我有一个过程,就像:
问题是(大概是因为首先发生令牌化?)多字停止词(短语)不会被删除。
完整的例子:
import re
import nltk
from nltk.stem import WordNetLemmatizer
from sklearn.feature_extraction.text import ENGLISH_STOP_WORDS as ESW, CountVectorizer
# Make sure we have the corpora used by nltk's lemmatizer
try:
nltk.data.find('corpora/wordnet')
except:
nltk.download('wordnet')
# "Naive" token similar to that used by sklearn
TOKEN = re.compile(r'\b\w{2,}\b')
# Tokenize, then lemmatize these tokens
# Modified from:
# http://scikit-learn.org/stable/modules/feature_extraction.html#customizing-the-vectorizer-classes
class LemmaTokenizer(object):
def __init__(self):
self.wnl = WordNetLemmatizer()
def __call__(self, doc):
return (self.wnl.lemmatize(t) for t in TOKEN.findall(doc))
# Add 1 more phrase to sklearn's stop word list
sw = ESW.union(frozenset(['sinclair broadcast group']))
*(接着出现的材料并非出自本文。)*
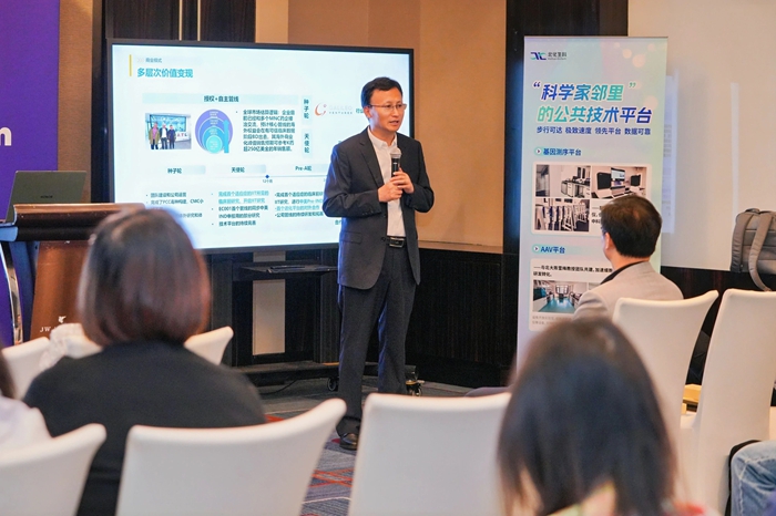 論壇中,北化生科黨總支書(shū)記、總經(jīng)理申海成從專業(yè)運(yùn)營(yíng)空間、專業(yè)運(yùn)營(yíng)團(tuán)隊(duì)和專項(xiàng)產(chǎn)業(yè)基金等多個(gè)方面,深度聚焦以核酸藥物為代表的五大細(xì)分賽道,向與會(huì)者詮釋“國(guó)際生物島”獨(dú)有的“1公里科學(xué)家鄰里”生態(tài),并通過(guò)高標(biāo)準(zhǔn)技術(shù)平臺(tái)、專項(xiàng)基金、技術(shù)審評(píng)、專屬空間、高科技人才和公共服務(wù)六大生態(tài)要素協(xié)同,系統(tǒng)闡釋從“0-1-N”的產(chǎn)業(yè)化路徑。

vect = CountVectorizer(stop_words=sw, ngram_range=(1, 4),
tokenizer=LemmaTokenizer())
# These are nonsense babbling
docs = ["""And you ask Why You Are Sinclair Broadcast Group is Asking It""",
"""Why are you asking what Sinclair Broadcast Group and you"""]
tf = vect.fit_transform(docs)重申:单字句号已被正确删除,但这句话仍然存在:
vect.get_feature_names()
# ['ask',
# 'ask sinclair',
# 'ask sinclair broadcast',
# 'ask sinclair broadcast group',
# 'asking',
# 'asking sinclair',
# 'asking sinclair broadcast',
# 'asking sinclair broadcast group',
# 'broadcast',
# 'broadcast group',
# 'broadcast group asking',
# 'group',
# 'group asking',
# 'sinclair',
# 'sinclair broadcast',
# 'sinclair broadcast group',
# 'sinclair broadcast group asking']我该怎么纠正呢?
发布于 2018-02-27 18:19:04
来自CountVectorizer
stop_words :字符串{‘english’}、list或None (默认) 如果使用“英语”,则使用内置的英语停止词列表。 如果是一个列表,则假定该列表包含停止词,所有这些都将从结果标记中删除。只适用于分析器== 'word‘。 如果没有,就不会使用停止语。max_df可以设置为范围内的值[0.7,1.0),以自动检测和过滤基于语料库内文档中词条频率的停止词。
以及参数token_pattern的进一步下降。
token_pattern : string 正则表达式,表示什么构成“令牌”,仅用于分析器== 'word‘。默认的regexp选择2个或更多字母数字字符的标记(标点符号完全被忽略,并且始终被视为标记分隔符)。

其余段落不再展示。